| STUDY MATERIAL |
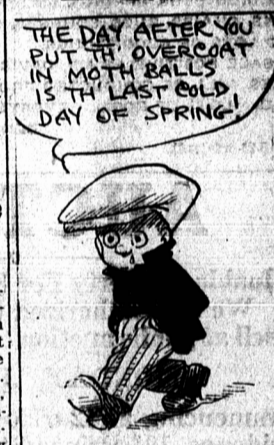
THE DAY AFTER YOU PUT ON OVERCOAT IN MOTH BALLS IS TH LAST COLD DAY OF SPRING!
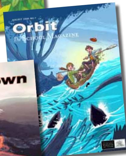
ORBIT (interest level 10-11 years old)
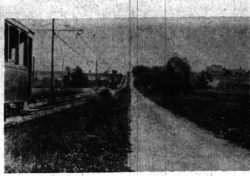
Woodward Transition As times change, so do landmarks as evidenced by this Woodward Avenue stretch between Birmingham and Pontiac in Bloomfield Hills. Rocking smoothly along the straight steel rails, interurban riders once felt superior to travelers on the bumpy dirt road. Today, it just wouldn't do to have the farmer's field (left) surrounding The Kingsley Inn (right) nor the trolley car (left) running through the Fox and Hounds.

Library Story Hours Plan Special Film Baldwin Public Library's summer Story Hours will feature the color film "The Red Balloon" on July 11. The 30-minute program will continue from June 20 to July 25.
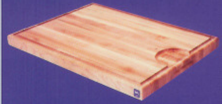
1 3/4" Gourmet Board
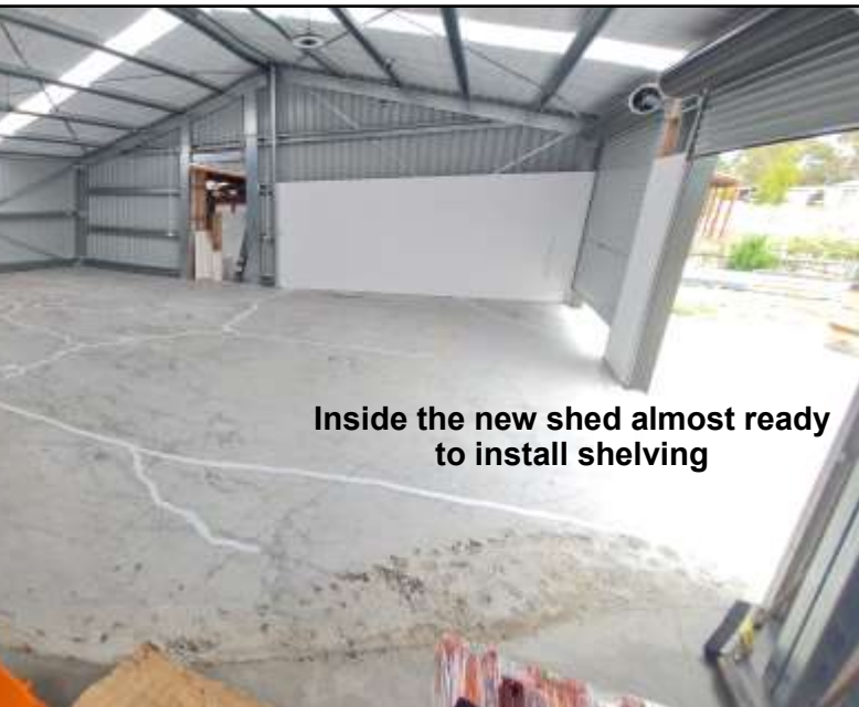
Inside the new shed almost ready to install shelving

--

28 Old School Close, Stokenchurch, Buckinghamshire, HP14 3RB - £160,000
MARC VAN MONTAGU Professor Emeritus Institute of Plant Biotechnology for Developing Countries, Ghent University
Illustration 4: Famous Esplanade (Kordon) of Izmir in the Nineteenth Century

...

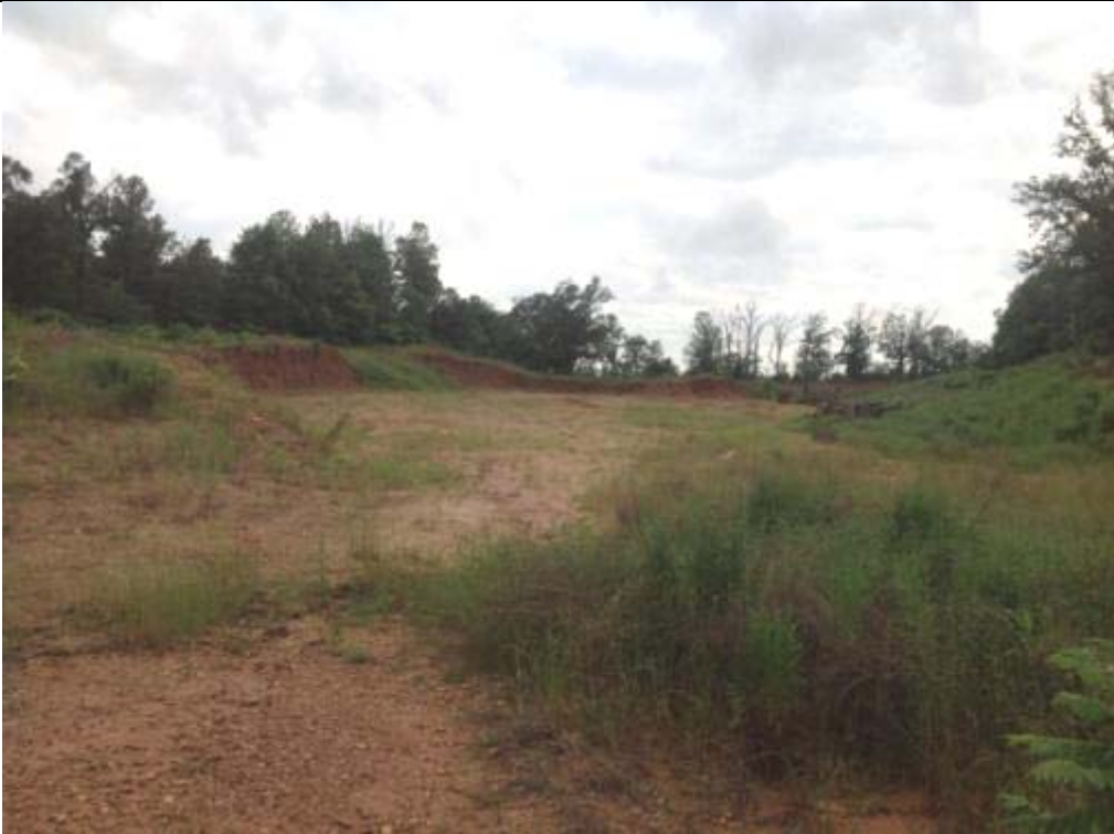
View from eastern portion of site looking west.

| WHAT THE TASK ASKS |
Looking at the listing above, which lines run from the one containing "THE DAY AFTER" through the one containing "Inside the new"? Print exactly those, ends included, pictures excluded.

| REPLY TO THE EXERCISE |
THE DAY AFTER YOU PUT ON OVERCOAT IN MOTH BALLS IS TH LAST COLD DAY OF SPRING!
ORBIT (interest level 10-11 years old)
Woodward Transition As times change, so do landmarks as evidenced by this Woodward Avenue stretch between Birmingham and Pontiac in Bloomfield Hills. Rocking smoothly along the straight steel rails, interurban riders once felt superior to travelers on the bumpy dirt road. Today, it just wouldn't do to have the farmer's field (left) surrounding The Kingsley Inn (right) nor the trolley car (left) running through the Fox and Hounds.

Library Story Hours Plan Special Film Baldwin Public Library's summer Story Hours will feature the color film "The Red Balloon" on July 11. The 30-minute program will continue from June 20 to July 25.
1 3/4" Gourmet Board
Inside the new shed almost ready to install shelving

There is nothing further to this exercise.